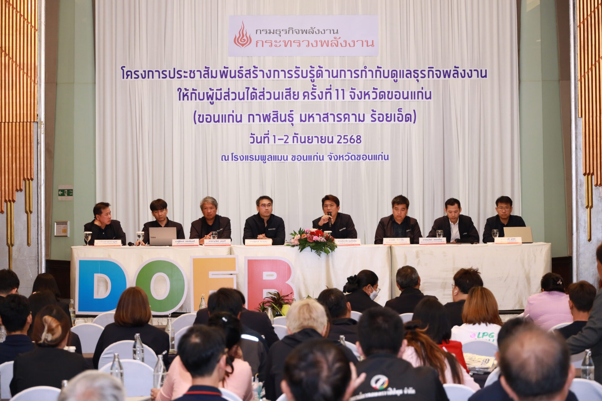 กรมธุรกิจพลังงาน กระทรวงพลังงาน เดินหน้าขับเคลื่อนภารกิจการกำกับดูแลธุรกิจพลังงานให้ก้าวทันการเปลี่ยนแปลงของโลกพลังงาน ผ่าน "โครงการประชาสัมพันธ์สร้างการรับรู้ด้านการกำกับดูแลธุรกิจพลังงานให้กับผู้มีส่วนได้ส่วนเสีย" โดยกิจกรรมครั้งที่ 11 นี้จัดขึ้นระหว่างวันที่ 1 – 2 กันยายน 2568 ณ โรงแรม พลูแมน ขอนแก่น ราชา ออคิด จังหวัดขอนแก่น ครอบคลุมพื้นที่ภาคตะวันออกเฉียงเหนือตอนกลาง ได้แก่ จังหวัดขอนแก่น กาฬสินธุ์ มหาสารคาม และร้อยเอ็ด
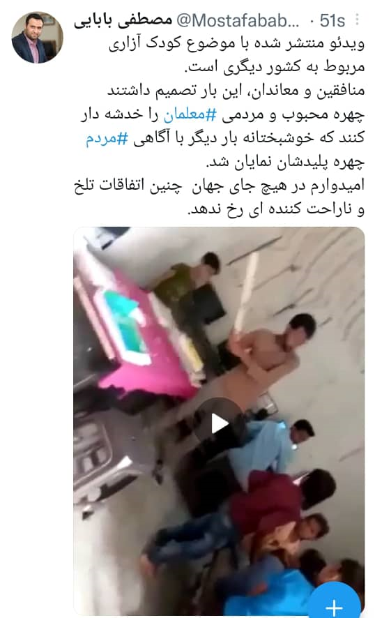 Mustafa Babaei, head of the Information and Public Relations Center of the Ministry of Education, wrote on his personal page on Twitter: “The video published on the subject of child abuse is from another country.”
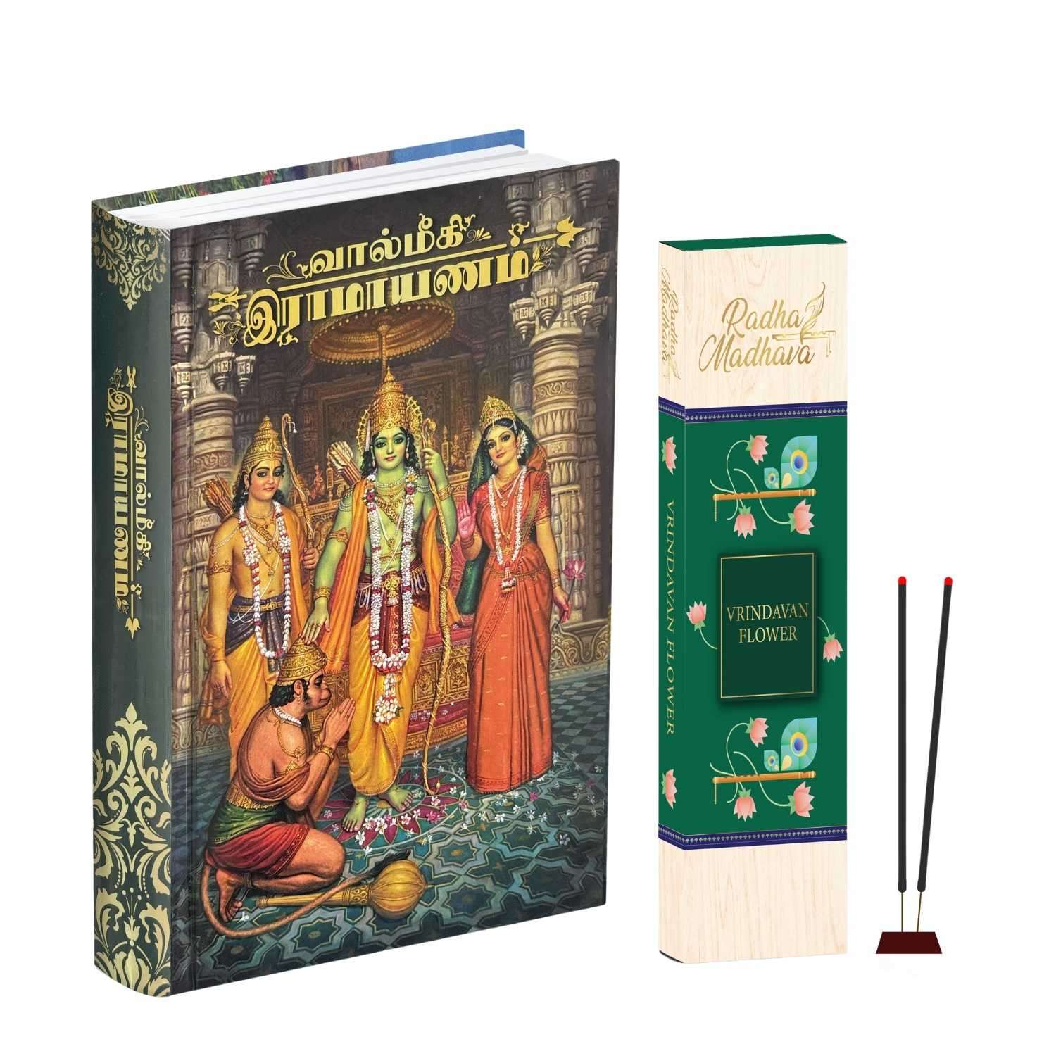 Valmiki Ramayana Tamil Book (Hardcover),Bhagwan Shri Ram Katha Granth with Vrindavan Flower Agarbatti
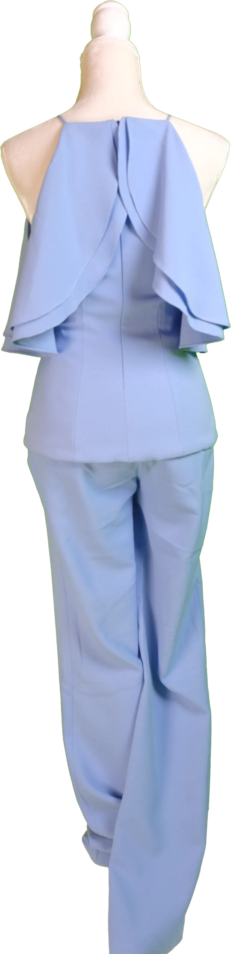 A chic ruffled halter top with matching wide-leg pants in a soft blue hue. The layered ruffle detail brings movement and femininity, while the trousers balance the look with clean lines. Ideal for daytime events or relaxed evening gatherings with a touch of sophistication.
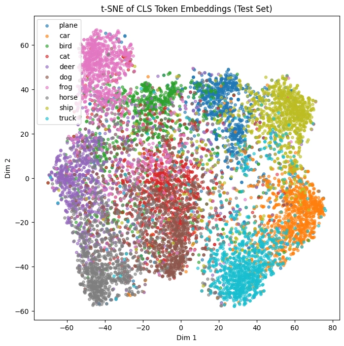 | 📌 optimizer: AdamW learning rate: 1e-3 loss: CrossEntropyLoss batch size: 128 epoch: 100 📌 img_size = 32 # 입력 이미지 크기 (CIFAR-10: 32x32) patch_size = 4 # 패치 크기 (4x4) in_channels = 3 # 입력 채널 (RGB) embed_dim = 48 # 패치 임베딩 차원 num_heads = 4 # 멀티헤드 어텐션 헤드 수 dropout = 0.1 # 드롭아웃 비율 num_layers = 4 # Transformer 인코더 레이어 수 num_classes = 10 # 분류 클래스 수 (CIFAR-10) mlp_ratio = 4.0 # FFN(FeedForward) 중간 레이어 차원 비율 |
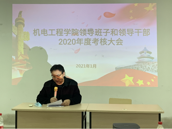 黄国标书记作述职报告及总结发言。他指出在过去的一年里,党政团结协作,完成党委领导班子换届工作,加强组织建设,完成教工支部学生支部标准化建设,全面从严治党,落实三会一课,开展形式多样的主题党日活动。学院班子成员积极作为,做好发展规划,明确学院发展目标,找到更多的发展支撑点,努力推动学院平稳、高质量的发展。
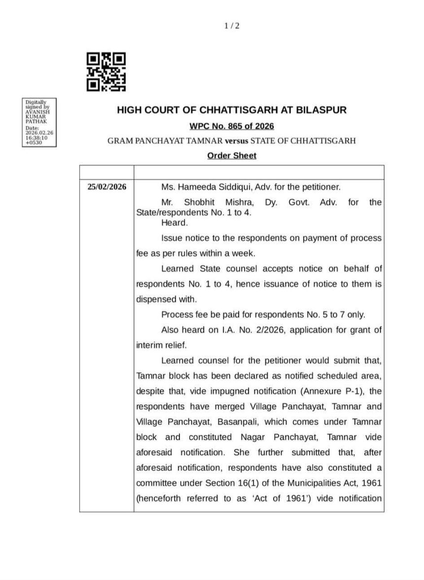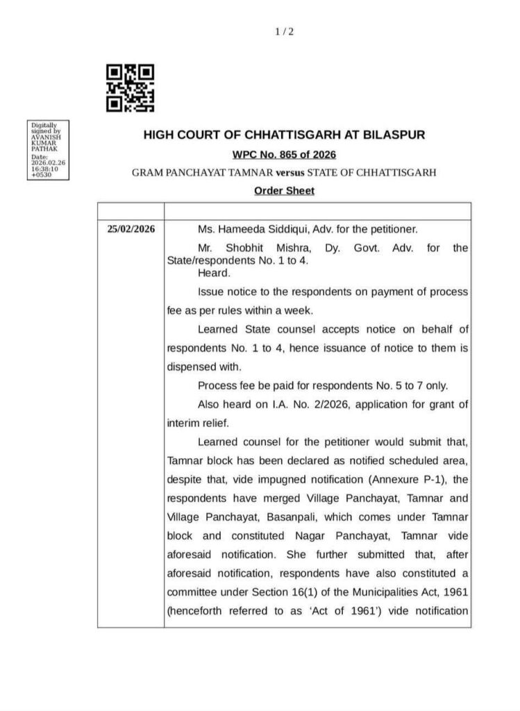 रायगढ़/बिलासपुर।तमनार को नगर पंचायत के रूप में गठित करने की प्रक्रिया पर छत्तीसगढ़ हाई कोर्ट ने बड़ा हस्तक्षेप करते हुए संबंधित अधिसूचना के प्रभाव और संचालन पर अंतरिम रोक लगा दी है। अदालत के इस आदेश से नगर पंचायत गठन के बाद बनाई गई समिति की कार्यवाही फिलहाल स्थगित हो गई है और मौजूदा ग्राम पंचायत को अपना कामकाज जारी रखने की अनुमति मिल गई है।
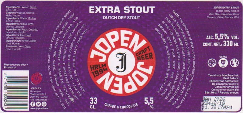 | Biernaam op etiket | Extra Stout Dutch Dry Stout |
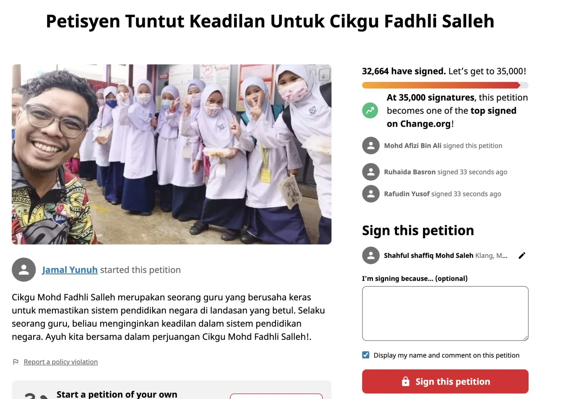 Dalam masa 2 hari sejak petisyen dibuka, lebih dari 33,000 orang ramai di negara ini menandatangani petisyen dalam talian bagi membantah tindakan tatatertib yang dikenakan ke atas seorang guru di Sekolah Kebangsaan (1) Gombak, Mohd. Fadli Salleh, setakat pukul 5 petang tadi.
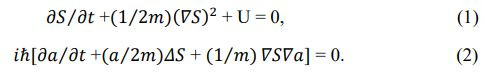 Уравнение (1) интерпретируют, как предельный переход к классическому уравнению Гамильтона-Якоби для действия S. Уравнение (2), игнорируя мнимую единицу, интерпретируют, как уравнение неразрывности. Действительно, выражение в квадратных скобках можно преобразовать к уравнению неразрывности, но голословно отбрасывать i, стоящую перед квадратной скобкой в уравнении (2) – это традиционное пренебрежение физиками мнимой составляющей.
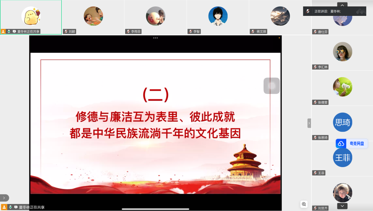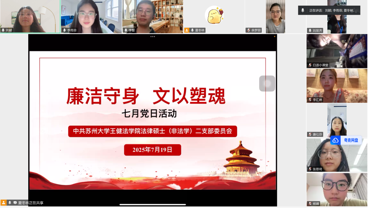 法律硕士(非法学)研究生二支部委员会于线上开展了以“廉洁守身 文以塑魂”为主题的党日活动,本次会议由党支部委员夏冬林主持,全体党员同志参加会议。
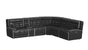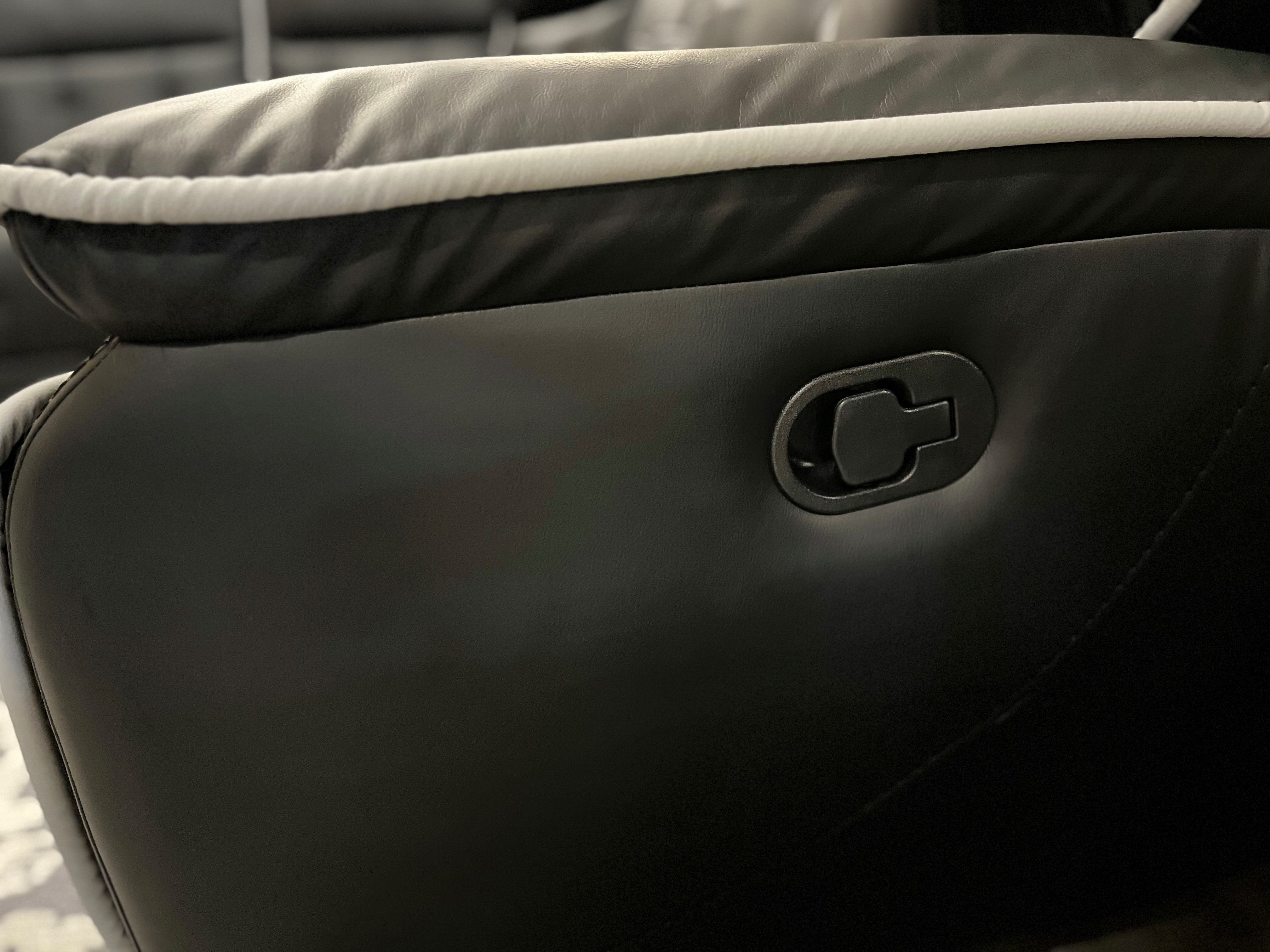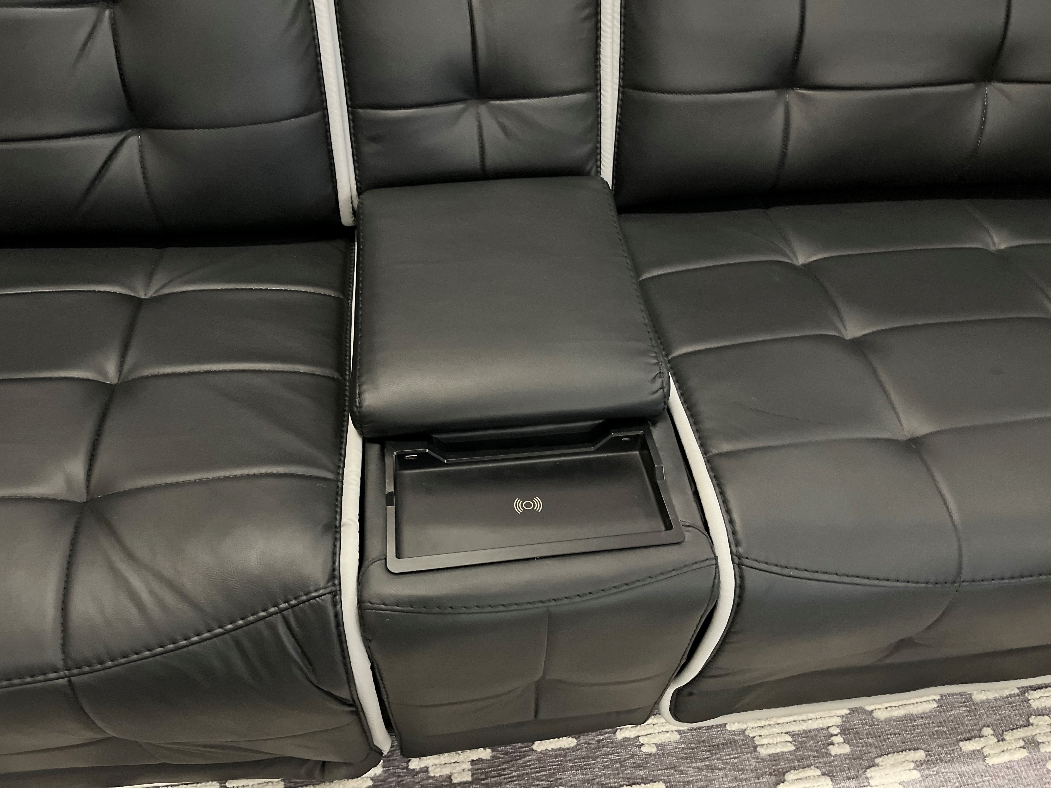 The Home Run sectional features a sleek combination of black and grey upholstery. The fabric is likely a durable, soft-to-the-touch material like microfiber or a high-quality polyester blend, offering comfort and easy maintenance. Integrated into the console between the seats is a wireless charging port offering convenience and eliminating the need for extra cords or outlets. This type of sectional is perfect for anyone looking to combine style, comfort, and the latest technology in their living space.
####
■ **ABOUT THIS TASK**: Pictures are to be dropped; the lines from the start of the entries above through the line with "A chic ruffled" are to be given again verbatim.

■ **ANSWER**:
 กรมธุรกิจพลังงาน กระทรวงพลังงาน เดินหน้าขับเคลื่อนภารกิจการกำกับดูแลธุรกิจพลังงานให้ก้าวทันการเปลี่ยนแปลงของโลกพลังงาน ผ่าน "โครงการประชาสัมพันธ์สร้างการรับรู้ด้านการกำกับดูแลธุรกิจพลังงานให้กับผู้มีส่วนได้ส่วนเสีย" โดยกิจกรรมครั้งที่ 11 นี้จัดขึ้นระหว่างวันที่ 1 – 2 กันยายน 2568 ณ โรงแรม พลูแมน ขอนแก่น ราชา ออคิด จังหวัดขอนแก่น ครอบคลุมพื้นที่ภาคตะวันออกเฉียงเหนือตอนกลาง ได้แก่ จังหวัดขอนแก่น กาฬสินธุ์ มหาสารคาม และร้อยเอ็ด
 Mustafa Babaei, head of the Information and Public Relations Center of the Ministry of Education, wrote on his personal page on Twitter: “The video published on the subject of child abuse is from another country.”
 Valmiki Ramayana Tamil Book (Hardcover),Bhagwan Shri Ram Katha Granth with Vrindavan Flower Agarbatti
 A chic ruffled halter top with matching wide-leg pants in a soft blue hue. The layered ruffle detail brings movement and femininity, while the trousers balance the look with clean lines. Ideal for daytime events or relaxed evening gatherings with a touch of sophistication.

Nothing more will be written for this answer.